## [INSTRUCTIONS FOR THE TASK]
Copy every line of the records below where the word "features" occurs.

## [EXERCISE MATERIAL]
***
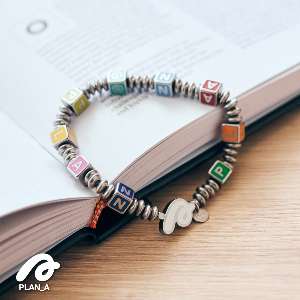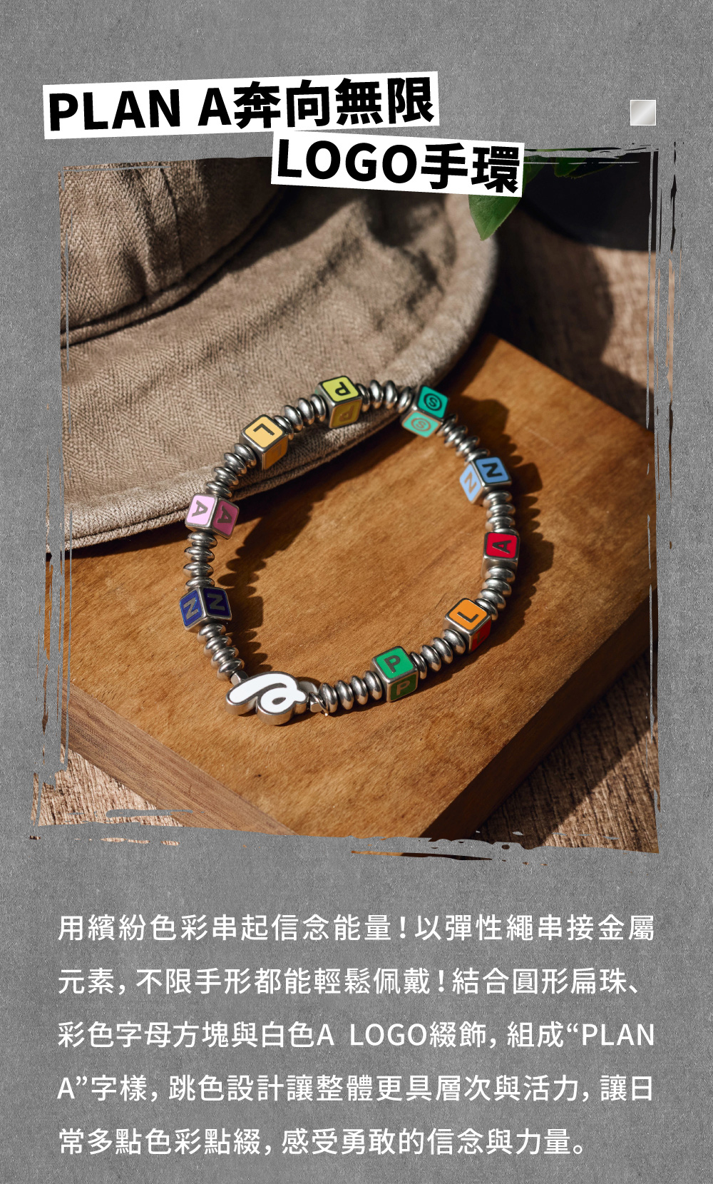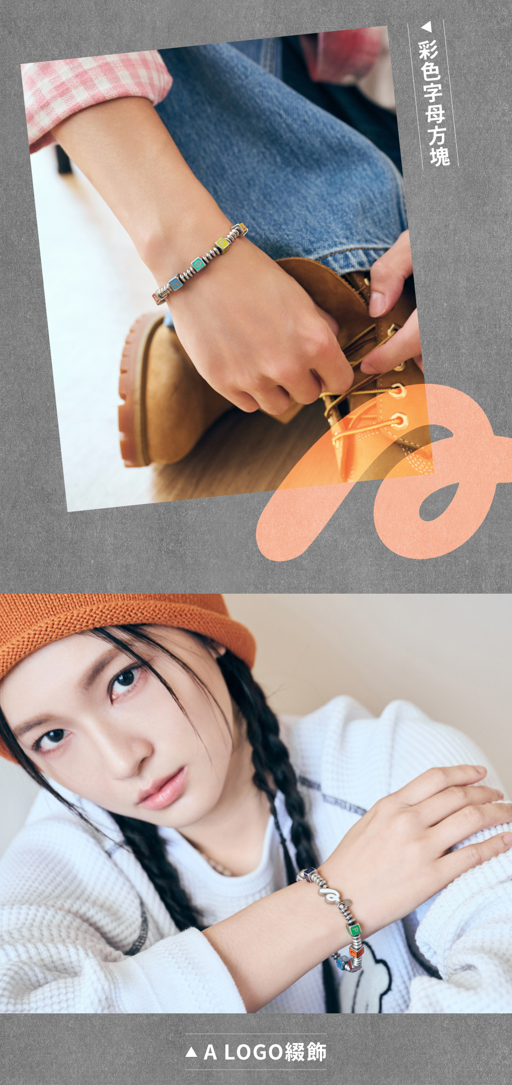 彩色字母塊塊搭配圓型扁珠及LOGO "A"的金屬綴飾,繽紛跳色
***
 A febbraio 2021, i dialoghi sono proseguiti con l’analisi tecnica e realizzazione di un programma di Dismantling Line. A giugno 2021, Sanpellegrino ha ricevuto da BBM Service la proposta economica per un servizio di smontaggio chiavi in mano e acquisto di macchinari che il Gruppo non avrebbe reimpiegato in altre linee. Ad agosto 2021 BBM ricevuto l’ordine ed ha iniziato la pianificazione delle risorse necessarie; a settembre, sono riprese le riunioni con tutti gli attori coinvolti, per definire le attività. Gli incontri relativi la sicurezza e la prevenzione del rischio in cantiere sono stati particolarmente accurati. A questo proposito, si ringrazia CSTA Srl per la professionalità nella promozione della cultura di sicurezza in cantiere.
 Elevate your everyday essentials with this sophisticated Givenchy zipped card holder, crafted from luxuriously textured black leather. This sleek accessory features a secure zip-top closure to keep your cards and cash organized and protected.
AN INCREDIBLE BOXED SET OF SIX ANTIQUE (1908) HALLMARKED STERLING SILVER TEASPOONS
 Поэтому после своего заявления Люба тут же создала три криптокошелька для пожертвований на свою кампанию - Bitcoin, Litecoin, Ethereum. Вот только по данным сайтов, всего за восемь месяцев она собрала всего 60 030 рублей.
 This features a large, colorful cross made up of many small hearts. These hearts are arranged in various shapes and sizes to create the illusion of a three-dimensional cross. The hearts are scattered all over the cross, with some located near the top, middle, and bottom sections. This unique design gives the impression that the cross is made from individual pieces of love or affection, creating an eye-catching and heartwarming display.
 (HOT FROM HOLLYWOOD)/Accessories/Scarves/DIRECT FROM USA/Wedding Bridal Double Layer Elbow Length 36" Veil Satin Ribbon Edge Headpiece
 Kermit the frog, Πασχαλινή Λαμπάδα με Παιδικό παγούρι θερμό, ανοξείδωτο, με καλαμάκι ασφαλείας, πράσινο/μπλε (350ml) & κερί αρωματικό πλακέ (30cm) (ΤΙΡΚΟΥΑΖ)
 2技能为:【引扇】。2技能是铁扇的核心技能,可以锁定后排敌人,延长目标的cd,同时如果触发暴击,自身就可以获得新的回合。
***
## [ANSWER FOR THIS EXERCISE]
 Elevate your everyday essentials with this sophisticated Givenchy zipped card holder, crafted from luxuriously textured black leather. This sleek accessory features a secure zip-top closure to keep your cards and cash organized and protected.
 This features a large, colorful cross made up of many small hearts. These hearts are arranged in various shapes and sizes to create the illusion of a three-dimensional cross. The hearts are scattered all over the cross, with some located near the top, middle, and bottom sections. This unique design gives the impression that the cross is made from individual pieces of love or affection, creating an eye-catching and heartwarming display.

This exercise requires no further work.